De CNS-groep, tegenwoordig ook de ‘niet-aureus stafylokokken’ genoemd, omvat meer dan vijftig soorten bacteriën met sterk wisselende kenmerken. Voor uiergezondheid zijn er slechts enkele belangrijke hoofdrolspelers. Deze bacteriën worden voornamelijk gevonden op de tepelhuid en in het tepelkanaal en kunnen zowel klinische als subklinische mastitis veroorzaken. Meestal veroorzaken ze een milde klinische mastitis met een beperkte stijging van het celgetal. CNS kunnen binnen de koppel van koe naar koe worden overgedragen, maar ook vanuit de omgeving komen.

Terwijl over Staphylococcus aureus (de grote zus van de CNS- groep) al veel bekend is, wordt er pas de laatste jaren veel onderzoek gedaan naar de verschillende soorten CNS. Met de slimmere en specifieke technieken die de afgelopen jaren in gespecialiseerde laboratoria beschikbaar zijn gekomen is het nu mogelijk om de ondersoorten van CNS te onderscheiden. Er is gebleken dat er grote verschillen bestaan tussen het gedrag en het ziekmakend vermogen van de CNS-soorten onderling.

Oftewel, de ene CNS is de andere niet.

In relatie tot uiergezondheid zijn zes CNS-soorten het belangrijkst:

  • S. chromogenes (SCH) en S. epidermidis (SEP), beiden koegebonden;
  • S. equorum (SER) en S. sciuri (SCS), beiden omgevingsgebonden;
  • S. simulans (SSI) en S. haemolyticus (SHL), beiden zowel koe- als omgevingsgebonden.

SCH en SSI worden vaak in verband gebracht met een chronisch hoog celgetal.

Preventie, herstel en behandeling

Na het afkalven blijken vaarzen met een verhoogd celgetal vaak besmet met CNS. Om de infectiedruk van besmette koeien te beheersen is het nodig om te weten welke dieren besmet zijn of een (sub)klinische of chronische uierontsteking hebben. Dit zijn immers de dieren die andere koeien met (vooral koegebonden) mastitisverwekkers besmetten. Voor de juiste behandeling, het vooruitzicht op succesvol herstel en het opstellen van een bedrijfsbehandelplan is het van belang dat (de gevoeligheid van) de mastitisverwekkers wordt bepaald.
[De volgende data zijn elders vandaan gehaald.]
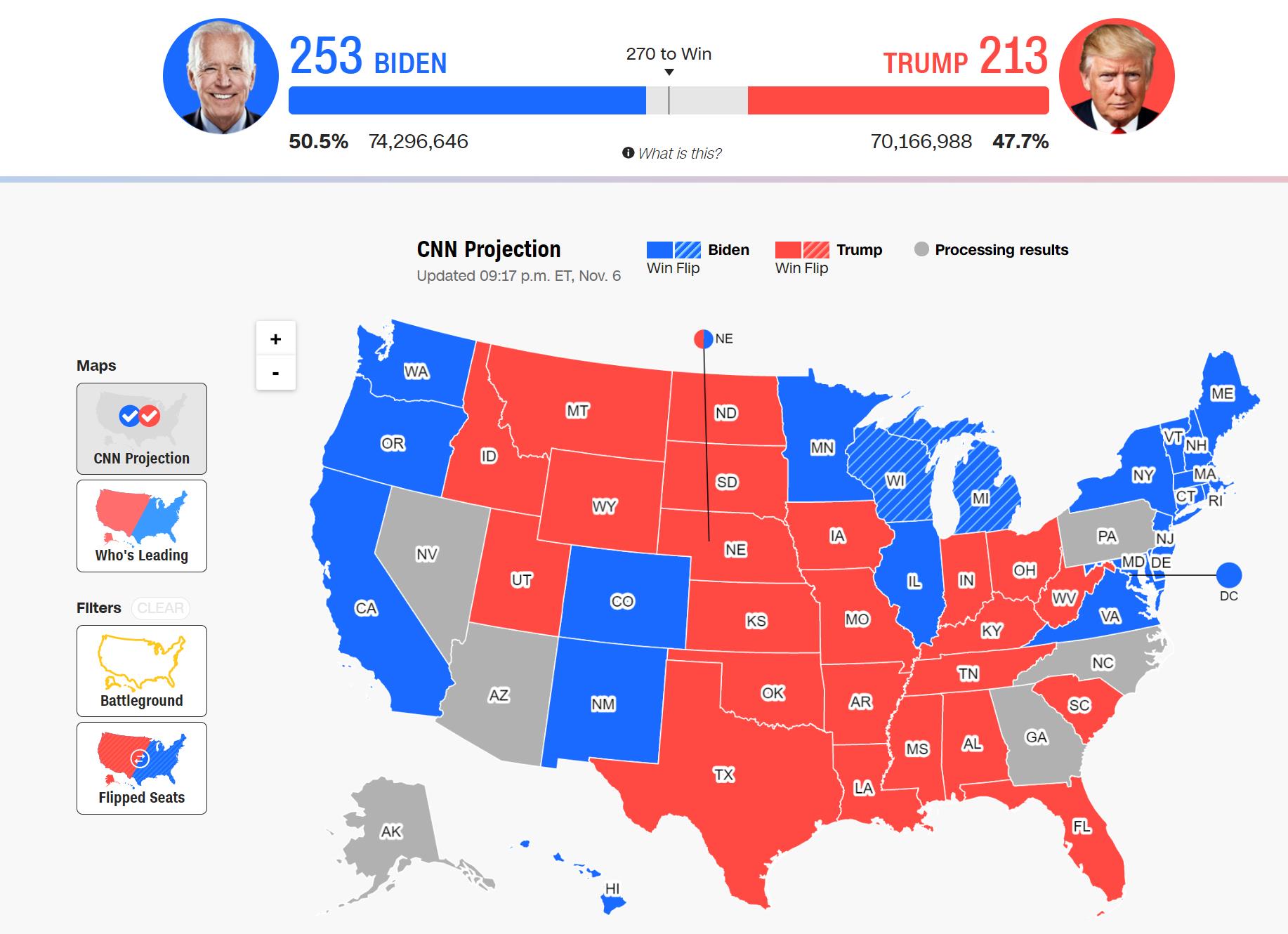 周五早些时候,拜登在佐治亚州实现反超。但在99%选票统计完成后,两位候选人得票率均为49.4%,拜登仅领先特朗普4000张票。佐治亚州州务卿已宣布本州计划重新计票。

Onderzoek en gevoeligheidsbepaling

GD kan met onderzoek binnen de CNS-groep onderscheid maken tussen omgevingsgebonden en koegebonden verwekkers, waardoor u als melkveehouder de juiste maatregelen kunt treffen en mastitis gerichter kunt bestrijden.

Met het pakket BO melk kunt u kwartiermonsters nemen van de individuele koeien. Aangezien CNS op de tepelhuid en in het tepelkanaal zitten, kunnen ze ook uit gezonde kwartieren worden geïsoleerd. Met de uitkomsten van het kwartieronderzoek kunt u in overleg met uw eigen dierenarts infecties effectief aanpakken.

Behalve melk laten onderzoeken op CNS-bacteriën, is ook een gevoeligheidsbepaling van belang omdat bij CNS, net zoals bij S. aureus, sommige antibiotica regelmatig onwerkzaam zijn. De verschillende CNS-soorten laten onderling sterk wisselende gevoeligheidspatronen zien.